▶ _Action item_
Include no pictures. Output exactly the lines from the one that contains "Conjunto infantil para" through the final line of the entries.
━━━━━━━━━━━━━━━━
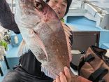 本日はゲストとして女性アングラーが乗船されました。鯛ラバでかなりの数とデカ鯛を釣られています。
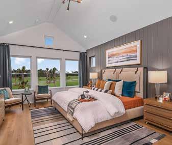 Typically, the models at Del Webb Oasis feature spacious master suites and mini suites with adjoining laundry rooms, plenty of convenient storage and open floorplans that have numerous versatile spaces. Recreational amenities in the community include sports courts, a fishing dock, community gardens and walking paths.
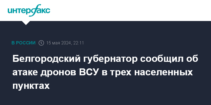 Москва. 15 мая. INTERFAX.RU - Три населенных пункта в Белгородской области подверглись атаке украинских беспилотников ВСУ, сообщил глава региона Вячеслав Гладков в среду.
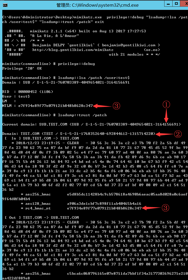 mimikatz下载地址:https://github.com/gentilkiwi/mimikatzkekeo下载地址: https://github.com/gentilkiwi/kekeo在subdc.test.com上使用mimikatz获取所需要的信息,命令如下所示。Mimikatz.exe privilege::debug “lsadump::lsa /patch /user:test$” “lsadump::trust /patch” exit
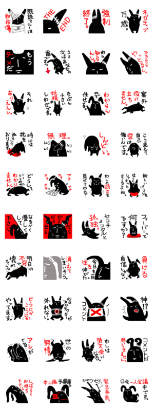 ネガティブな黒うさぎ、ブラビットさんの、日常スタンプです。Let\'s ネガティブライフ!!南城光 より発売
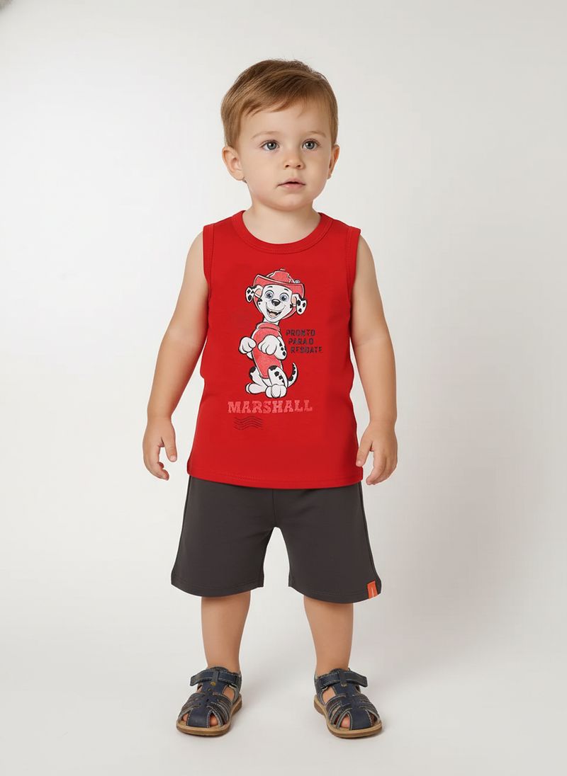 Conjunto infantil para menino confeccionado em tecidos leves e confortáveis, ideal para os momentos de diversão do dia a dia. A regata em meia malha 100% algodão possui gola redonda, mangas cavadas, barra com acabamento simples e o diferencial da estampa divertida da Patrulha Canina, que traz um toque lúdico e cheio de personalidade. A bermuda em moletinho conta com cós elástico e barra com acabamento simples, garantindo praticidade e conforto. Um conjunto fofo e descontraído, perfeito para looks casuais e confortáveis!\n\nTecido regata: Meia malha\nTecido bermuda: Moletinho\nComposição: 100% algodão
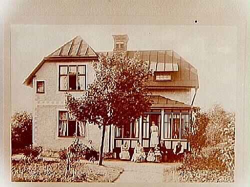 En och en halvvånings bostadshus med glasad veranda, 8 personer på trappan.
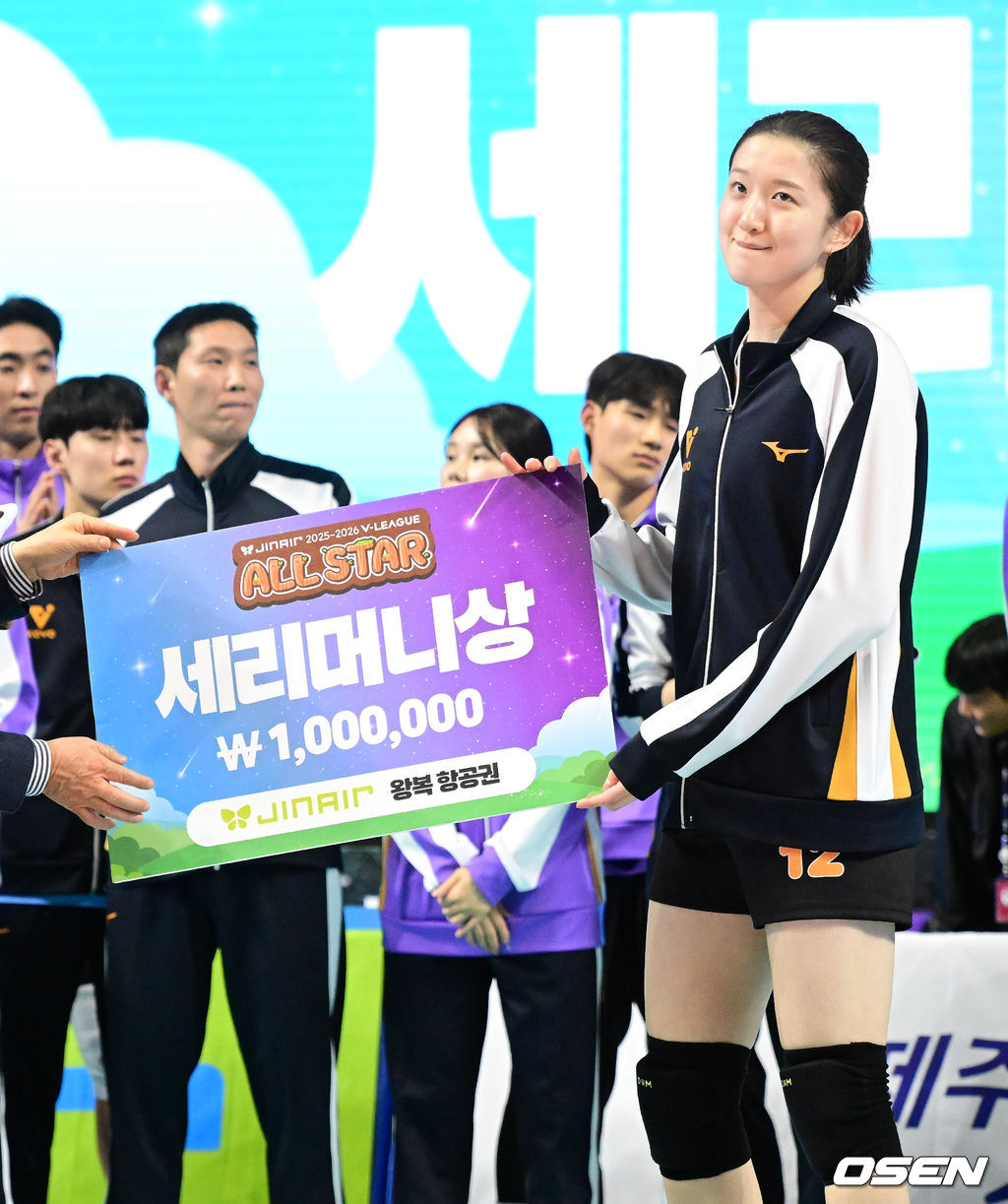 현대건설 이다현이 세리머니상을 수상하고 있다. 2026.01.25 /jpnews@osen.co.kr
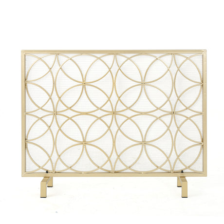 Single Panel Gold Iron Fireplace Screen With Geometric Design
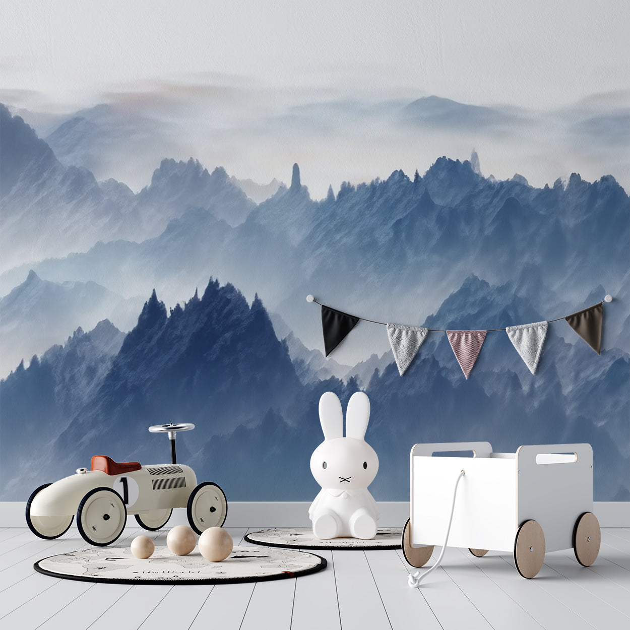 Dit adembenemende ontwerp vangt de magie van mysterieuze bergtoppen gehuld in een zee van mist. De verschillende lagen van blauwgrijze tinten zorgen voor een serene diepte en een gevoel van rust. Het spel van licht en schaduw geeft een dynamisch effect aan het landschap, terwijl de zachte overgangen een dromerige sfeer creëren. Perfect voor wie een gevoel van grootsheid en kalmte in de ruimte wil brengen.
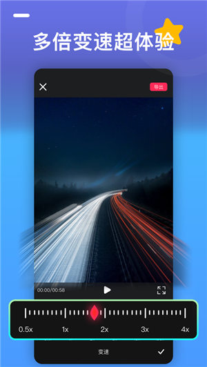 【视频变速】0.5倍、1倍、1.5倍、2倍速等多种选择,快速调整视频的时间长短;
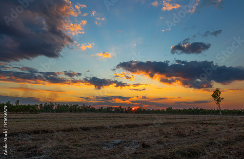 Obraz premium Sunset in Isan Village, north east Thailand, Asia
━━━━━━━━━━━━━━━━
▶ _Expected answer_
 Conjunto infantil para menino confeccionado em tecidos leves e confortáveis, ideal para os momentos de diversão do dia a dia. A regata em meia malha 100% algodão possui gola redonda, mangas cavadas, barra com acabamento simples e o diferencial da estampa divertida da Patrulha Canina, que traz um toque lúdico e cheio de personalidade. A bermuda em moletinho conta com cós elástico e barra com acabamento simples, garantindo praticidade e conforto. Um conjunto fofo e descontraído, perfeito para looks casuais e confortáveis!\n\nTecido regata: Meia malha\nTecido bermuda: Moletinho\nComposição: 100% algodão
 En och en halvvånings bostadshus med glasad veranda, 8 personer på trappan.
 현대건설 이다현이 세리머니상을 수상하고 있다. 2026.01.25 /jpnews@osen.co.kr
 Single Panel Gold Iron Fireplace Screen With Geometric Design
 Dit adembenemende ontwerp vangt de magie van mysterieuze bergtoppen gehuld in een zee van mist. De verschillende lagen van blauwgrijze tinten zorgen voor een serene diepte en een gevoel van rust. Het spel van licht en schaduw geeft een dynamisch effect aan het landschap, terwijl de zachte overgangen een dromerige sfeer creëren. Perfect voor wie een gevoel van grootsheid en kalmte in de ruimte wil brengen.
 【视频变速】0.5倍、1倍、1.5倍、2倍速等多种选择,快速调整视频的时间长短;
 Obraz premium Sunset in Isan Village, north east Thailand, Asia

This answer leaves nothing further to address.